Christmas in wartime is always poignant. In Ukraine this year, tens of thousands will mark the day in muddy trenches, with the sounds of artillery and machine guns taking the place of festive jingles.

Millions of others will celebrate more quietly than usual in Ukrainian cities away from the front lines, with a 10 p.m. nightly curfew and the constant threat of Russian air strikes ensuring that any holiday gatherings are shorter and more anxious than those that took place before the war. Millions more Ukrainians will watch the holidays pass from outside the country, waiting for the moment the war ends and it’s finally safe to return home.

But, for the first time this year, almost all Ukrainian Christians will mark Christmas on Dec. 25 as part of what President Volodymyr Zelensky has called a national effort to “renounce Russian heritage.”

The Orthodox Church of Ukraine – which a 2022 poll by the Kyiv International Institute of Sociology found 54 per cent of Ukrainians identify as members of – announced in May that it would adopt the Revised Julian calendar in an effort to further separate itself from the Russian Orthodox Church, which has supported Vladimir Putin’s invasion of Ukraine. The Ukrainian Greek Catholic Church, which is predominant in some regions of Western Ukraine, made the same change.

The Russian church, like most Eastern churches, celebrates the birth of Jesus Christ on Jan. 7, but the Orthodox Church of Ukraine said in a statement that the old Julian calendar is now “perceived as connected with Russian church culture.”

Last year, the Ukrainian church allowed its followers to celebrate on Dec. 25 if they chose but still held its formal celebration on Jan. 7. In July, Mr. Zelensky signed a decree to formally remove Jan. 7 as a holiday and make Dec. 25 the national celebration of Christmas.

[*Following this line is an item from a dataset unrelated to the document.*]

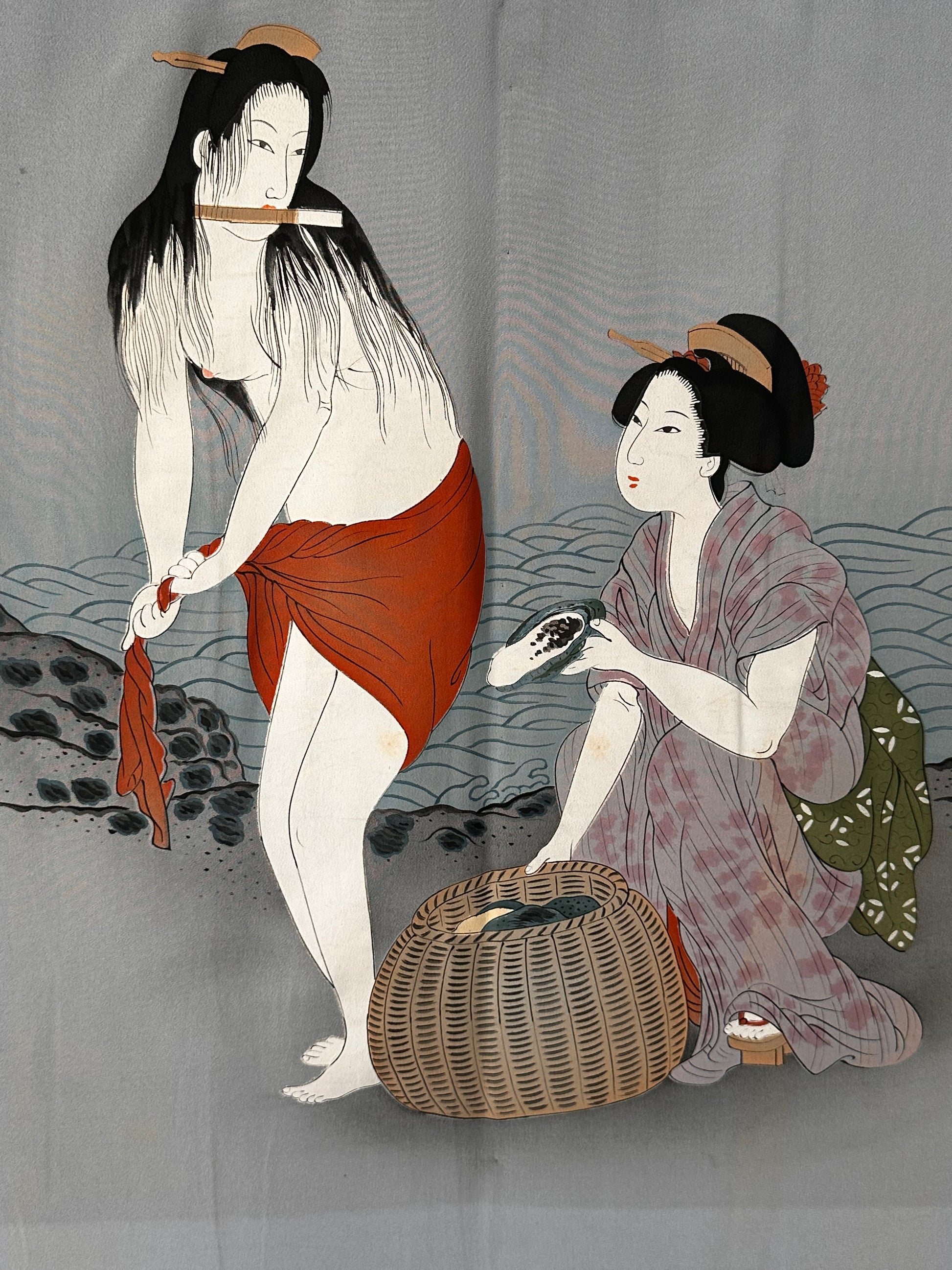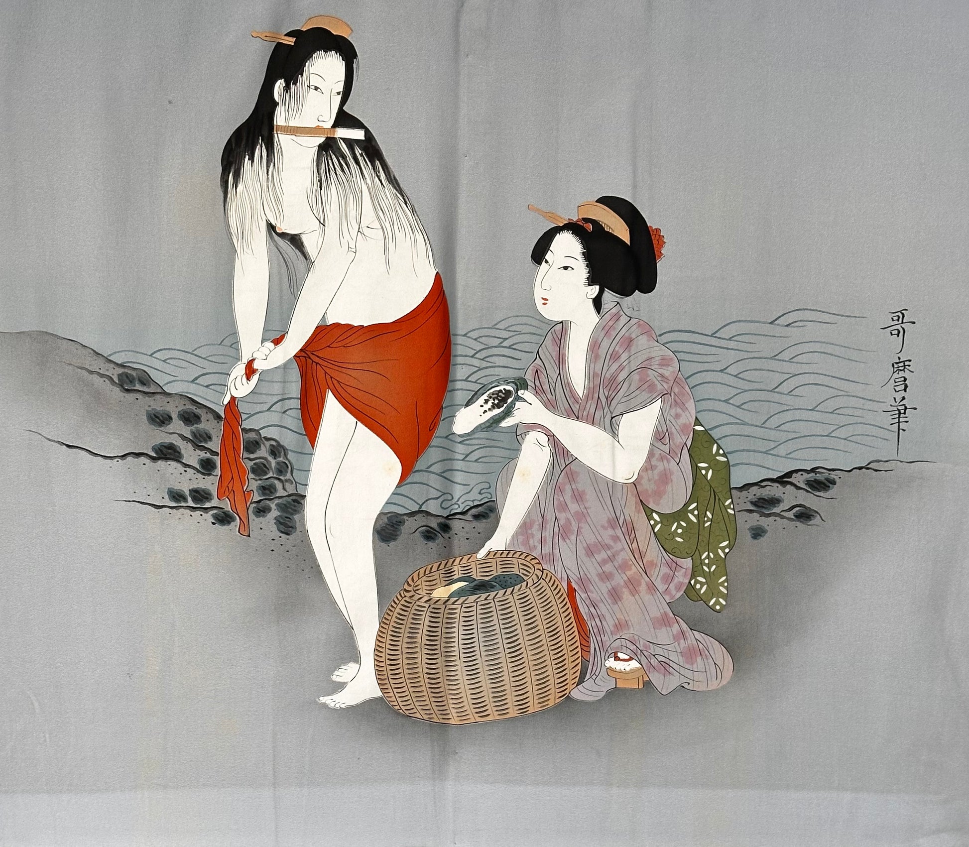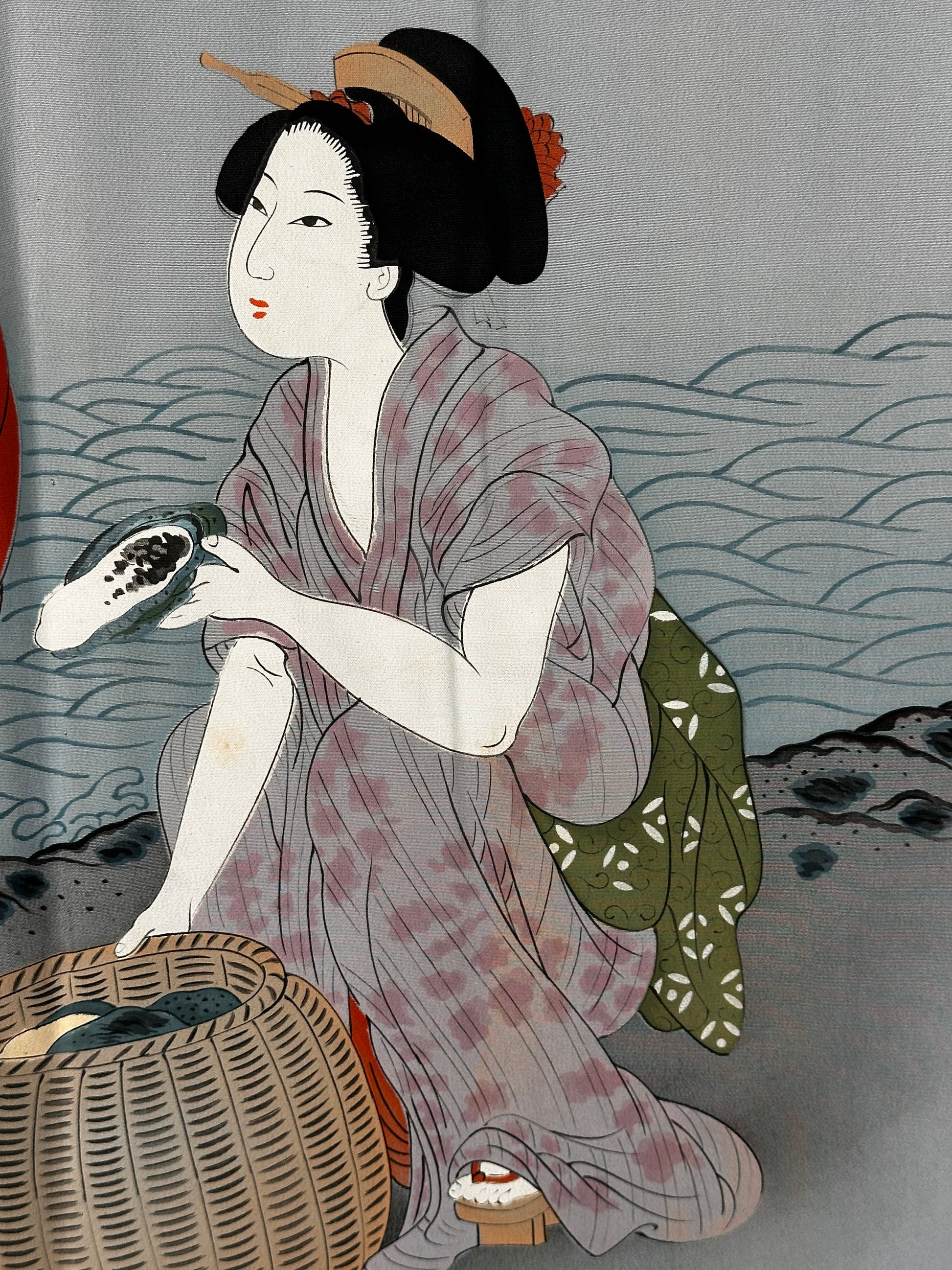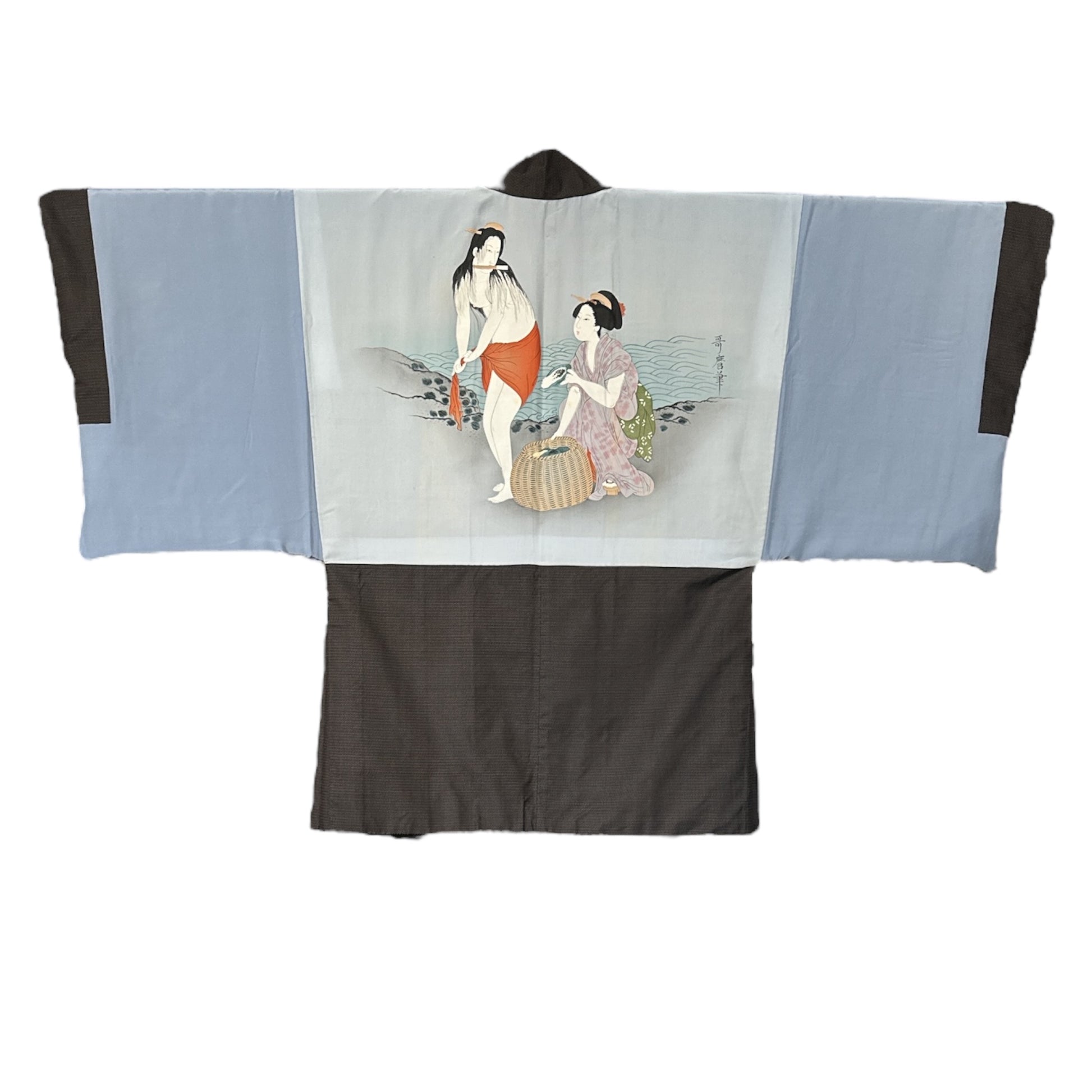 The artwork portrays two Ama (pearl divers) in a serene yet vivid moment: one has just emerged from the water, drying herself with a cloth, while the other, dressed in a kimono, carefully works with a shell beside a basket full of collected treasures. The scene is rendered in the delicate yet expressive style of Ukiyo-e (Japanese woodblock print and painting), capturing the grace and resilience of these legendary women. The artist’s signature is also present, enhancing its uniqueness and value. In good condition, this haori is a remarkable blend of traditional craftsmanship, storytelling, and artistic beauty, making it a standout collector’s piece or a refined addition to any wardrobe.

Despite the regular air raid sirens and Russian missile attacks on the city, Kyiv seems to be adapting well to the change. After spending much of last December in darkness as Russian attacks crippled the country’s energy infrastructure, improved air defences have meant that most of the drones and missiles Russia fires at the city are shot down before they reach their targets.

As a result, Kyiv is twinkling this December, despite the war, with stores on the city’s central Khreshchatyk Street emanating music and lights, while an outdoor Christmas market fills the square in front of the famed St. Sophia’s Cathedral.

A volunteer greets soldiers at St. Sophia’s Square near Ukraine’s main Christmas tree; that evening, a couple kiss after the tree is lit for the first time. Christmas festivities moved here after the Euromaidan protests of 2014, when many Ukrainians died at Independence Square, the tree’s old spot.
A transit worker at the Kyiv funicular decorates her kiosk with snowflakes on St. Nicholas Day. Dec. 6 is also the Day of the Armed Forces of Ukraine, hence military personnel get to ride for free.
Visitors enjoy the Winter’s Tale Christmas fair at VDNKh Exhibition Centre on Dec. 9. Organizers could count on a reliable power supply for the fair this year, unlike last December, when Russian attacks hobbled the Ukrainian energy grid.
At his home in a village west of Kyiv, Oleksandr Popyk, a soldier wounded in the conflict, has an ornament that reads ‘everything will be Ukraine.’ Ukrainians often say this to express hope that victory is coming and Russian-held areas will return to Ukrainian control.